Why has the political debate following Sir David Amess’s killing moved so swiftly to focus on civility in politics? It’s a reasonable question that a lot of people – including my colleague Sam Leith – have been asking. The police are treating Amess’s death as a terrorist attack, and yet other MPs have been talking about the need to stop online abuse and to encourage a more open political culture. The link between people shouting at their MPs about how they voted and the motives of Islamist terrorists is, to put it politely, somewhat unproven.
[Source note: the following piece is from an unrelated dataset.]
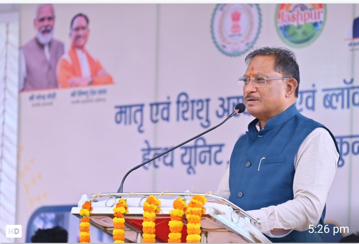 इस अवसर मुख्यमंत्री साय ने कहा कि आज जिले में स्वास्थ्य के क्षेत्र में विकास की एक और कड़ी जुड़ रही है। इस अस्पताल के निर्माण से इस क्षेत्र की माताओं बहनों और बच्चों को काफी लाभ होगा। कुनकुरी के साथ ही फरसा बहार, कांसाबेल और दुलदुला क्षेत्र के लोग इससे लाभान्वित होंगे। उन्होंने आगे कहा कि स्वास्थ्य सुविधाओं के विस्तार के लिए लगातार काम कर रहे हैं। जशपुर में 200 बेड अस्पताल का निर्माण होने जा रहा है। इसका टेंडर लग चुका है। इस बजट में यहां मेडिकल कॉलेज खोलने का प्रावधान किया गया है। यहां नर्सिंग और फिजियोथेरेपी कॉलेज खोले जाएंगे। आयुष्मान कार्ड और जेनरिक दवा दुकानों के माध्यम से किफायती इलाज उपलब्ध करा रहे हैं। वय वंदन योजना का लाभ सभी वर्ग के वृद्ध जनों को मिलेगा, यह स्वास्थ्य सुरक्षा के लिए एक महत्वपूर्ण योजना है। मितानिनों के मानदेय की राशि ऑनलाइन प्रदान करने की सुविधा की शुरुआत किए है। जिससे समय पर उनको भुगतान हो सके।
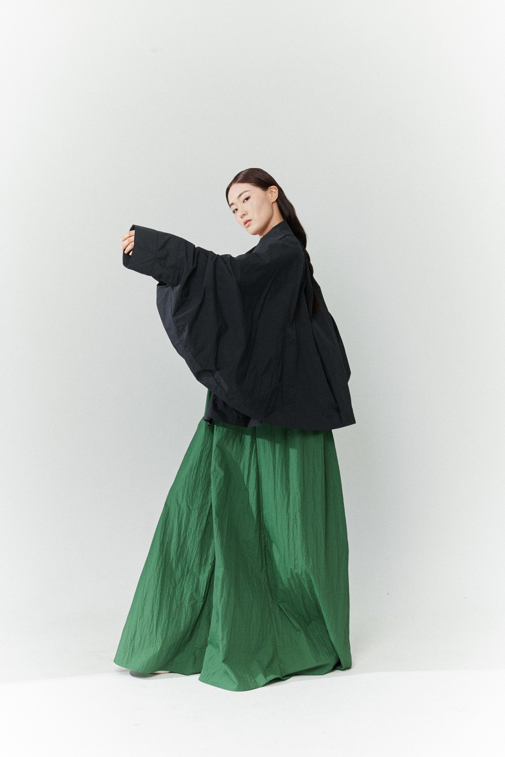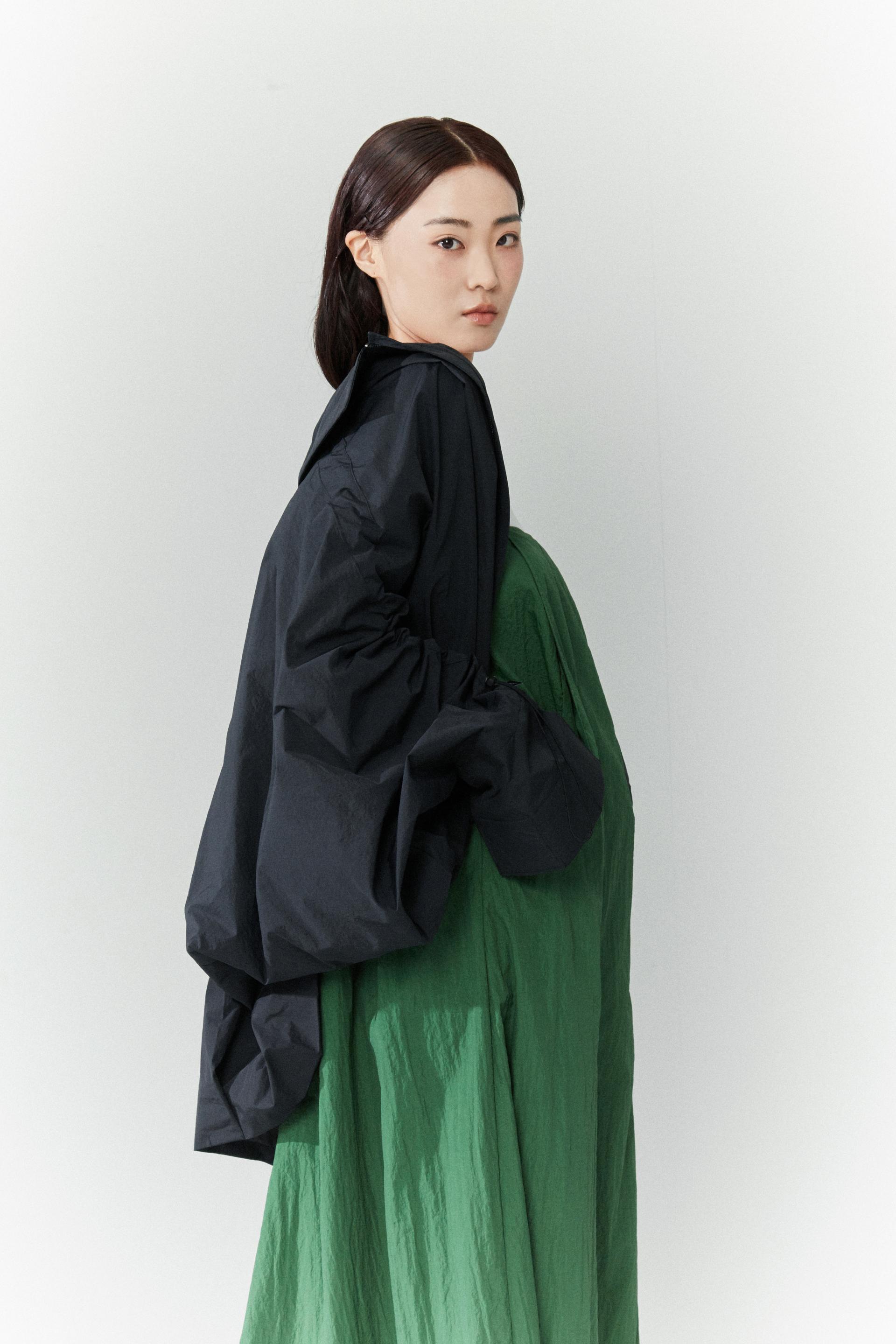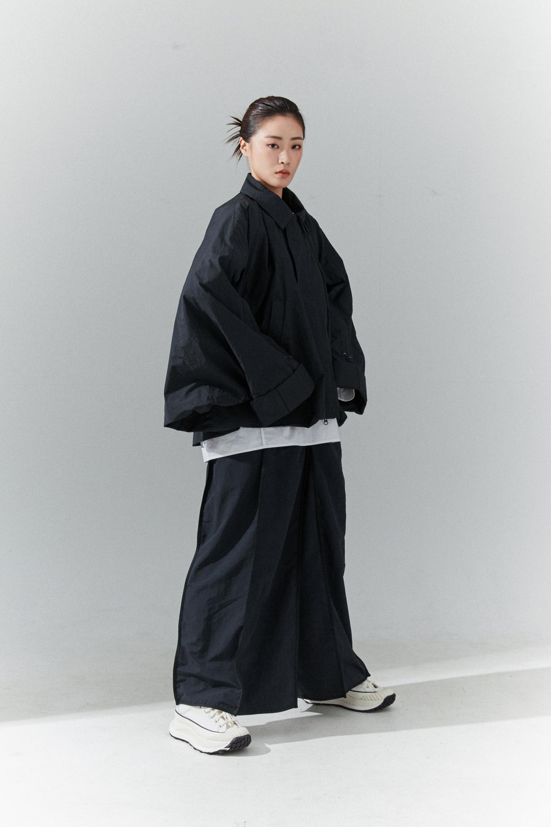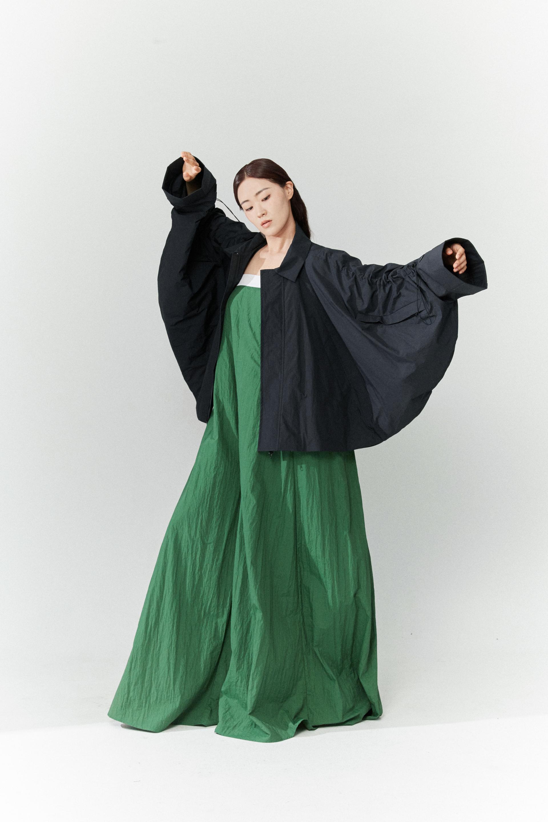 An oversized cropped jacket with a semi-circular silhouette for intermediate weather

Politicians are always high-value targets for terrorists in any country, regardless of how mean or otherwise the rest of society is to them. People were much more deferential towards MPs when the IRA was busy trying – and in two cases, succeeding – to kill them. The aftermath of Ian Gow’s death, for instance, was not full of his mourning colleagues demanding that the general public be nicer to them. So why has this presumed terror attack had a different effect?
One of the reasons for this logical leap from MPs in particular is that the stabbing brought home to each of them how very vulnerable they still are. Even with the installation of security measures at their homes and in their constituency offices, MPs know that when they go to surgeries, they are an easy target for an attacker. Few of them have felt they are getting safer or the environment around them less hostile since Jo Cox was murdered.
Cox’s death was recent: a large number of people who were MPs then are still on the green benches now and the fresh pain of that death is another reason the debate has gone in the direction it has: there is a palpable sense of dismay in parliament that once again members are paying tribute to a colleague killed while doing their job.